If you aim to develop a truly awesome library, then you should try to develop it independently of any other software you create.
It should fulfill one exact task only. And this probably is done after some commits, so the initial creation of the library should take only a week or two to come to a stable first version. And this version can be tagged and then used elsewhere.
When tagging, strictly try to follow semantic versioning - that way you can use the library with a version restriction like "~1.0", meaning at least version 1.0, but anything up to 1.9999 is acceptable, as long as it is not 2.0 (which would mean incompatible changes).
And then you really do not need to update any other software when you release a new version of the library. You only need to update if you want to include fixed bugs. Without bugfixes, you can update, but there is no need to do so immediately after the library's new version release.
Composer will take care of all the dependencies you need. The most important thing if you start a new library is to include the composer.json right from the start into the repository.

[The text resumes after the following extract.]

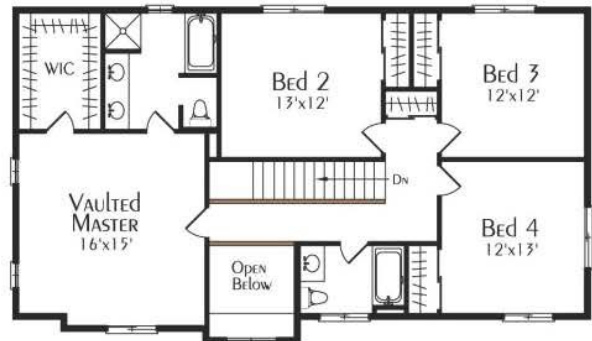
Top Floor SqFt. = 1177 8' Tall Walls

(Color combinations for brochure use only)
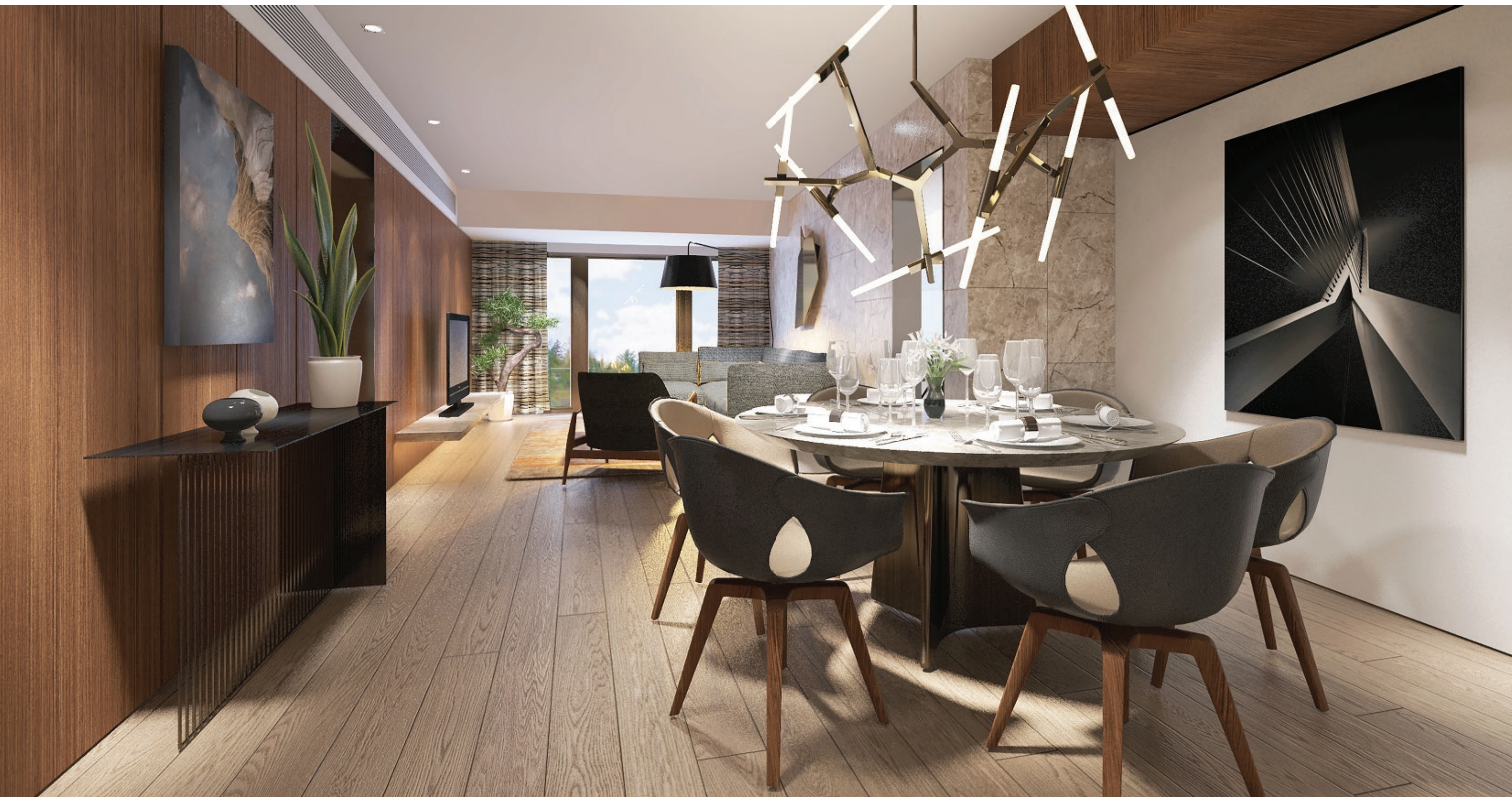
2 Bedroom unit Dining + Living Room. Artists' image for illustration purposes only.

What if you really want to always include the newest release of the library in every other software you write? I'm not sure you realize the implications this has. It means that you are strictly binding your other software to the most recent library version. Break that version, or introduce a nasty bug, and all your software breaks. So being able to update or not actually is a feature. You will find that all foreign libraries you might use will follow the same release mechanism: They tag a new version if an important bug was fixed, or if a reasonable amount of new features was implemented. They do not wait for you to approve a new version - you have to approve THEIR new version in your software by explicitly updating to the most recent one. And the same should apply to an internal library.
Try to avoid fiddling with "dev-master" solutions mentioned here. They might work, but Composer works best if used with tagged versions. If you have a reasonably stable state of your library, tag it with "0.0.0" and include that version everywhere else instead of "dev-master". And then tag according to semantic version rules.